Modularity is a desirable property of any reasonably complex software. Modularity allows the programmer to examine, understand and change parts — modules — of the software while temporarily ignoring the rest of it. When the software becomes too large for a single programmer to work on it sequentially, modularity allows a team of individuals to work on it in parallel. Ideally, modularity is recursive — modules should themselves consist of modules, and so on, until each module is small enough for an individual to grasp quickly, even with an arbitrarily large team.
From one perspective, modularity is less about breaking down software into smaller modules, and more about creating small modules that can be easily combined with other modules to create large systems. Combining modules is called ‘composition’, and composability is the holy grail of software design.
Functions are the ultimate tool in the toolbox of composition. In mathematics, a function has inputs and outputs, and its definition represents the mapping of inputs to outputs. In the computational world, these mappings may be viewed as transformations of inputs into outputs. Functions are inherently composable, as under the right conditions, the outputs of one function may be connected to the input of another function (even itself). Unfortunately, functions in mainstream programming languages are impure in the sense that they may do other things, such as write bytes to disk or send data over a network. These so-called ‘effects’ hinder our ability to compose functions using their mathematical representations, unless the effects themselves are modeled as first-class inputs or outputs.

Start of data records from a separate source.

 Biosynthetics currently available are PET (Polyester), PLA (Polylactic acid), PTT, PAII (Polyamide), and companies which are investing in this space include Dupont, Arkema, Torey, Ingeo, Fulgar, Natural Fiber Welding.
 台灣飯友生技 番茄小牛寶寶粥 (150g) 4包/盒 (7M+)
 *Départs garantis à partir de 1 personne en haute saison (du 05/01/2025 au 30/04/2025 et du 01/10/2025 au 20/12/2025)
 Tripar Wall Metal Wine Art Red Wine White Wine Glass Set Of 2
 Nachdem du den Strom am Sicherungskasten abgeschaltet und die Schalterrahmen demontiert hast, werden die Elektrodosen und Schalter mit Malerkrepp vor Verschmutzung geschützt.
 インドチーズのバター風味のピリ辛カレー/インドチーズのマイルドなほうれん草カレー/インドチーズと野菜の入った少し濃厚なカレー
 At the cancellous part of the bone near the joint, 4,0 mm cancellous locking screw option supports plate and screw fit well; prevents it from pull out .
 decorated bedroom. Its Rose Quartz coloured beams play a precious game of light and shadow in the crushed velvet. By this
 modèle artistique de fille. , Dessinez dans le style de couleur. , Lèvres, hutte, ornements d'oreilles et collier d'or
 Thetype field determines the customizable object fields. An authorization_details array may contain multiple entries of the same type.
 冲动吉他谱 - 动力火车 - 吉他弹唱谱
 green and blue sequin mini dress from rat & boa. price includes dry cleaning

Only a few languages like Haskell support pure functions — functions that are free of effects. In Haskell, effects are possible only if they are modeled as first-class inputs or outputs. In these cases, effects are encoded into the runtime instances of a special type called IO
, and it is the responsibility of language runtime to execute these effects on behalf of the programmer. For example, in the program below, the main
function returns an IO
instance, and the language runtime executes the effects encapsulated by the instance. In fact, without resorting to backdoor (aka unsafe) techniques, it is not possible to specify effects within a function that doesn’t return an IO
instance. With the IO
type, Haskell programs are smart enough to declare which functions are effectful, and these functions can be distinguished from ones that are not.
import System.IO (BufferMode (NoBuffering), hSetBuffering, stdout)
-- Main program.
-- This function returns an IO instance.
main :: IO ()
main = do
hSetBuffering stdout NoBuffering -- :: IO ()
putStr $ "Enter a number x: " -- :: IO ()
x <- getLine -- :: IO String
putStr $ "Enter a number y: " -- :: IO ()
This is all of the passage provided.